-- Task data follows --
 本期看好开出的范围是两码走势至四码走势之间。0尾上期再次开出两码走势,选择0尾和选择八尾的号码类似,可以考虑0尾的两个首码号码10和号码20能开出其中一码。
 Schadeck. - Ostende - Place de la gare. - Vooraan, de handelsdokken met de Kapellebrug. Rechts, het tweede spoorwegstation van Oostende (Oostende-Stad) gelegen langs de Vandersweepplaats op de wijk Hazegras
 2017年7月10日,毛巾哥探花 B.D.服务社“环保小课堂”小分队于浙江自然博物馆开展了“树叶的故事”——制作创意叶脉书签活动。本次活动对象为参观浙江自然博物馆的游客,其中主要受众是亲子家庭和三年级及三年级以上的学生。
-- Task data concluded --
-- Task data follows --
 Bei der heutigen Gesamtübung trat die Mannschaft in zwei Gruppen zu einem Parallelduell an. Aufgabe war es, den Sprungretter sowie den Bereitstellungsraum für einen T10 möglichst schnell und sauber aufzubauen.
-- Task data concluded --
- _Task instructions_
Beginning with the line containing "Schadeck. - Ostende" in the material above, copy every line exactly until you have copied the line containing "2017年7月10日,毛巾哥".

- _Task response_
 Schadeck. - Ostende - Place de la gare. - Vooraan, de handelsdokken met de Kapellebrug. Rechts, het tweede spoorwegstation van Oostende (Oostende-Stad) gelegen langs de Vandersweepplaats op de wijk Hazegras
 2017年7月10日,毛巾哥探花 B.D.服务社“环保小课堂”小分队于浙江自然博物馆开展了“树叶的故事”——制作创意叶脉书签活动。本次活动对象为参观浙江自然博物馆的游客,其中主要受众是亲子家庭和三年级及三年级以上的学生。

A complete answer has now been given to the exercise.